Een lichtvoetige noot mag in dit serieuze artikel over light verse niet ontbreken. Als slot breng ik graag de welsprekende naam van Piet Pluimers onder jullie aandacht, een dichter die zich veel aantrok van collegae die precies meenden te weten wat wel en niet op de Parnassus thuis hoort. In het gedicht ‘Een dichter’ van de nog steeds enorm geliefde schrijfster Annie Maria Geertruida Schmidt wordt op vermakelijke wijze een tweedeling geschetst. Het dateert van 1957 en staat in Annie’s bundel Huishoudpoëzie. Wat een titel, kom daar anno nu nog maar eens om!
–
Piet Pluimers wou het liefste verzen schrijven
over wat late rozen in de zon.
Hij was een dichter en hij wou het blijven.
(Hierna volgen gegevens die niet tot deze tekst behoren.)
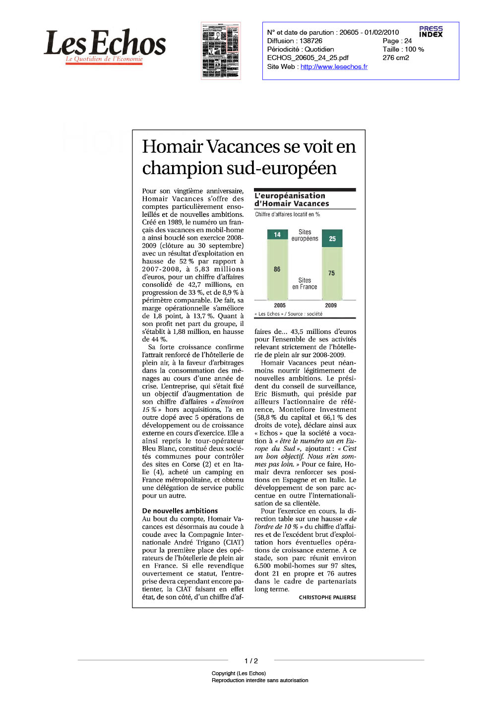 Au bout du compte, Homair Vacances est désormais au coude à coude avec la Compagnie Internationale André Trigano (CIAT) pour la première place des opérateurs de l’hôtellerie de plein air enFrance. Si elle revendique ouvertement ce statut, l’entreprise devra cependant encore patienter, la CIAT faisant en effet état, de son côté, d’un chiffre d’affaires de 43,5 millions d’euros pour l’ensemble de ses activités relevant strictement de l’hôtellerie de plein air sur 2008-2009. Homair Vacances peut néanmoins nourrir légitimement de nouvelles ambitions. Le président du conseil de surveillance, Eric Bismuth, qui préside par ailleurs l’actionnaire de référence, Montefiore Investment (58,8% du capital et 66,1% des droits de vote), déclareainsiaux “Echos“ que la société a vocation à “être le numéro un en Europe du Sud“, ajoutant: “C’est un bon objectif. Nous n’en sommes pas loin.“ Pour ce faire, Homair devra renforcer ses positions en Espagne et en Italie. Le développement de son parc accentue en outre l’internationalisation de sa clientèle. Pour l’exercice en cours, la direction table sur une hausse “de l’ordre de 10%“ du chiffre d’affaires et de l’excédent brut d’exploitation hors éventuelles opérations de croissance externe. A ce stade, son parc réunit environ 6.500 mobil-homes sur 97 sites, dont 21 en propre et 76 autres dans le cadre de partenariats long terme.

Hij schreef sonnetten toen hij pas begon.
–
Het rijmde ook. Maar and’re dichters zeiden:
je mag niet rijmen joh, ‘t is geen gezicht!
Je moet zorgvuldig alle rijm vermijden,
want een gedicht dat rijmt is geen gedicht.
–
En dan dat metrum! Dat is uit de mode.
‘t Mag niet van rál de ral de rál de ral.
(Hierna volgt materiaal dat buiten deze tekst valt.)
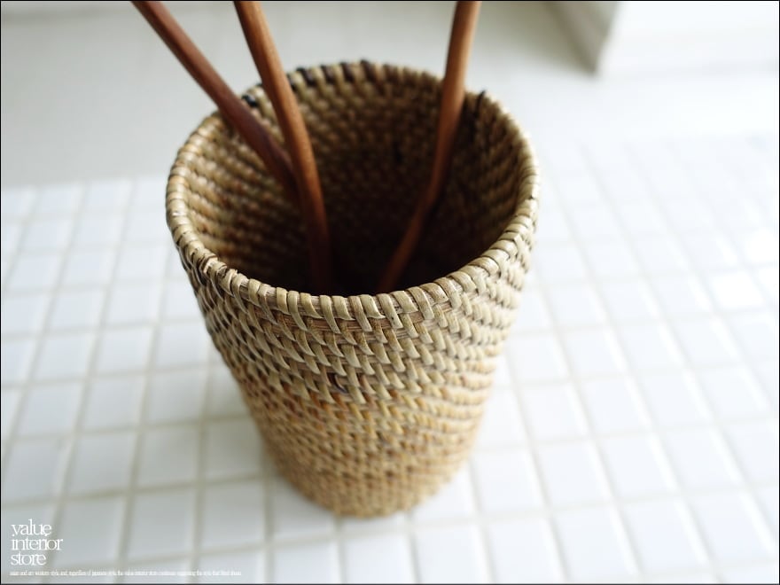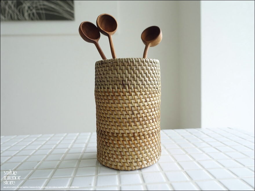 カトラリーやペンなどちょっとしたものを入れていただくラタンスタンド。 一つ一つ手編みで作られています。

Punten en komma’s, jongen, zijn verboden.
En denk erom: geen hoofdletters vooral.
–
En nooit een hele zin. Alleen maar brokken.
En rozen mógen wel een keer, maar dan
slechts in verband met baarmoeders en sokken
en zó dat niemand het begrijpen kan.
–
‘t Is maar een weet, we zeggen ‘t je maar even.
Piet had het spoedig door en hij zei: o.
Hij heeft diezelfde dag een vers geschreven,
zijn eerste echte vers. En dat ging zo:
–
ik drijf spelden van wanhoop
in de huid van je
grutten wezenloos
woezie woezie 17 en
klaan uit je klukhaar versuikeren
bleke bliezen in schedels met spuigaten
vol blauw gehakt
–
En toen zei iedereen: dat is reusachtig!
En Paul Rodenko schreef een heel lang stuk
in ‘Maatstaf’ om te laten zien hoe prachtig
het was. Vooral dat ‘woezie’ en dat ‘kluk’.
–
Alleen Piet Pluimers zelf was niet tevreden.
Hij wou zo graag eens rijmen, want helaas,
hij heeft nu eenmaal ‘t rijm onder z’n leden.
Maar nee, hij mag alleen met Sinterklaas.
–
En hij wou graag één keer een komma zetten.
Ach Piet! Over tien jaren slaat het om!
Dan rijmt men weer. Dan maakt men weer sonnetten.
Dan gaat het weer van póm de róm de róm.